Baby Pidgeon

We have had a baby Pidgeon alone in the garden for two days now without its parents anywhere nearby. It can fly and eats our raspberries. Is there anything else we can feed it please? 

  • Hello Nessa, if the bird is a good size now I am sure it will be able to fend for itself. You could get some mixed grain and try giving that.
  • In case, you cannot obtain mixed grain quick enough, any supermarket (Tesco, Sainsbury, etc) sells pine nuts (expensive but very high in calories, highly palatable and easy to digest), wholegrain seeded bread (eg 'Seed sensations' or the one from Tesco's contains a terrific variety of high quality small seed), packets of sunflower seed, linseed, granola-type cereals, chopped-up cheerios crushed or lightly soaked in water (milk is toxic to most animals), oats, unroasted & unsalted chopped-up peanuts, you can also try chopped-up boiled egg, which sounds odd but it is one of the most complete and balanced foods for many wild animals in terms of vitamins/minerals/amino acids/proteins. You could leave small size maize (ie uncooked popcorn), brown rice is ok. Lastly, you could soak lentils, pearl barley, or feed fresh/thawed (not tinned) garden peas, but, as with any animal, you have to remove these types of food within around 3 hours before it goes off.
    You could also put a small pinch of salt and sugar in the drinking water as an electrolyte.

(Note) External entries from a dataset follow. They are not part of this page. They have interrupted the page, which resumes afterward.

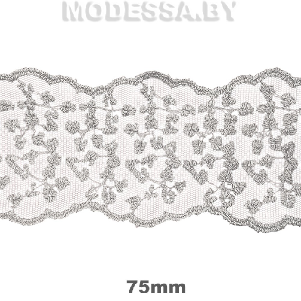 Вышивка на сетке с люрексом, артикул: 41266.17. Ширина 75мм. Применяется в пошиве нижнего белья, свадебных и вечерних платьев, а также для декора одежды, домашнего текстиля и др.
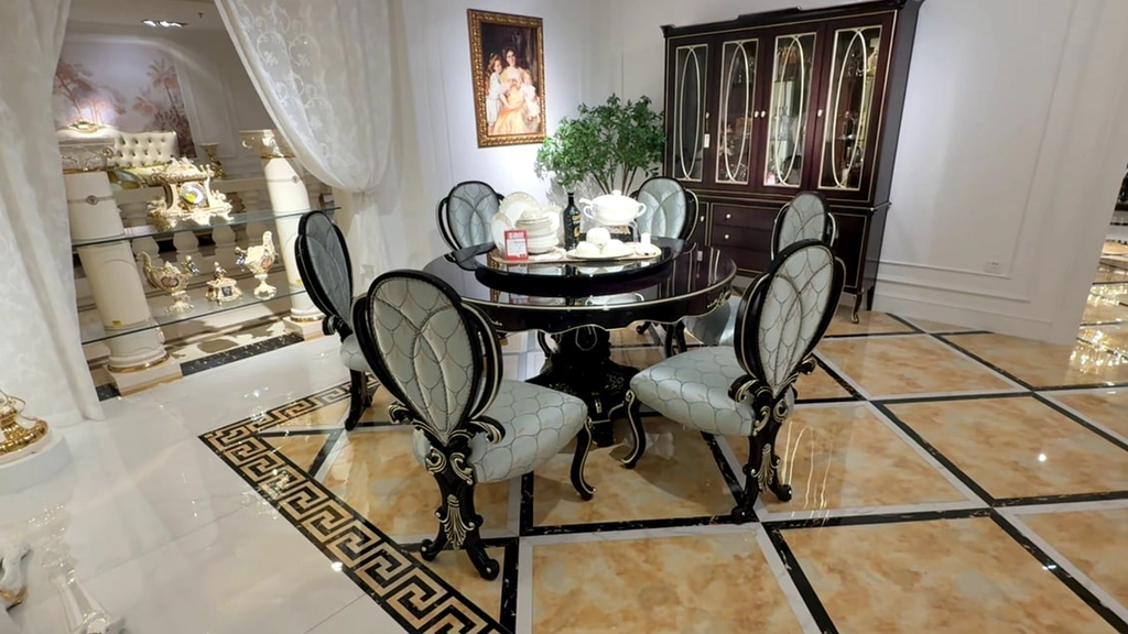 The Majesty Royale Dining Table Set is a masterpiece of classical luxury, designed to transform any dining space into a regal experience. Featuring a round black lacquered table with exquisite gold accents, this set radiates sophistication and timeless charm. Six upholstered chairs, adorned with a light blue quilted pattern and ornate black‑and‑gold frames, provide both comfort and grandeur. Perfect for family gatherings, formal dinners, or showcasing refined taste, the Majesty Royale combines durability with artistry. Its elegant craftsmanship and opulent design make it not just furniture, but a statement piece that elevates your home into a palace of style.
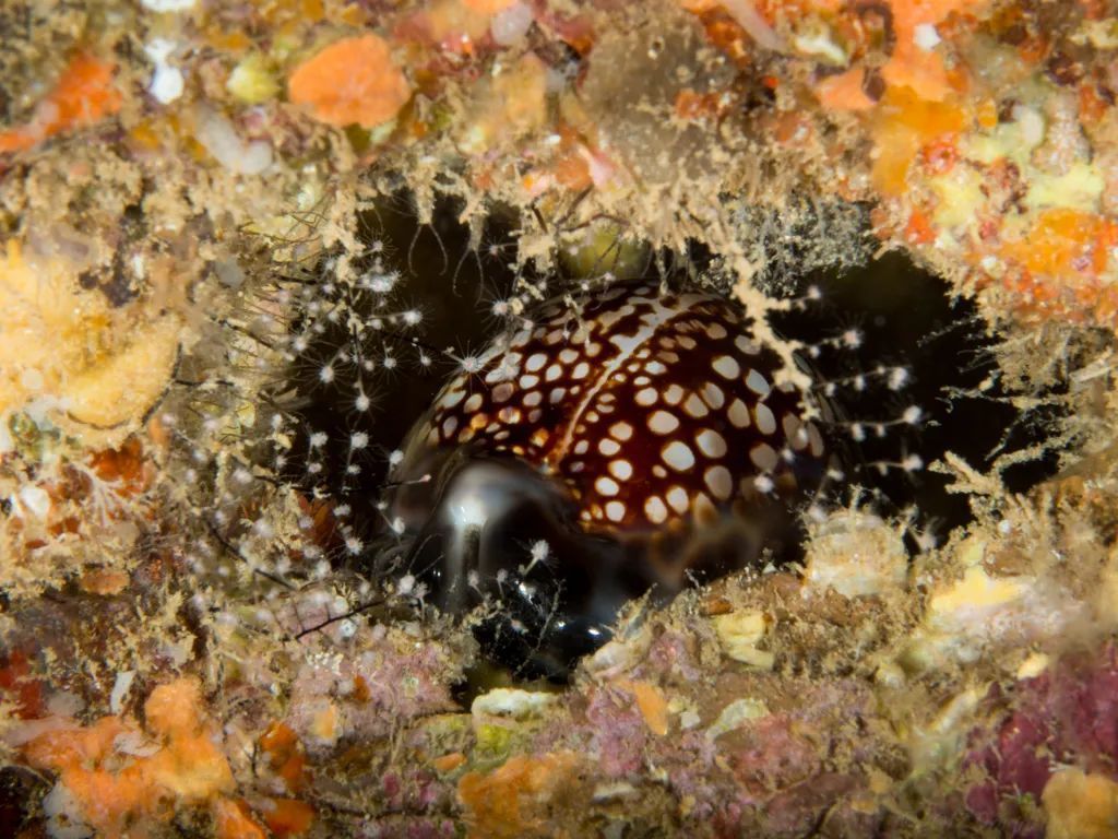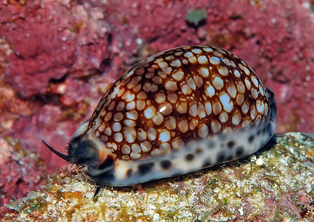 胎记绶贝栖息在潮间带至浅海水深10~20m的岩礁或珊瑚礁质海底。

    I am not very knowledgeable about wood-pigeons but young feral pigeons go through quite a lot of stress during the weaning phase, and their mortality rate is much, much higher than adults in part due to man-made viruses (eg young pigeons disease which began after pigeon racers fed their birds corticosteroids, this has been banned since the 70's). Their parents don't tend to abandon them completely even after they fledge, the parents are usually extremely/over- devoted. A 'father' or 'mother' pigeon will fly from Barcelona across mountain ranges and the English channel, if they have chicks to feed or a mate to get back to. That is how their owners make extreme amounts of money. A racing pigeon was stolen, taken to Romania, escaped and 5 years later got back to its box (with its old mate), having never been to Romania or Eastern Europe. If your observations are correct, then I think something sinister may have happened to them, but if the youngster has fledged it may not be at too much of a disadvantage, as it will learn from other birds.
    For reference, a young feral pigeon needs on average about 10pct of its body weight daily to survive, ie 30g, or a handful of seed-type food, not sure about a woodpigeon.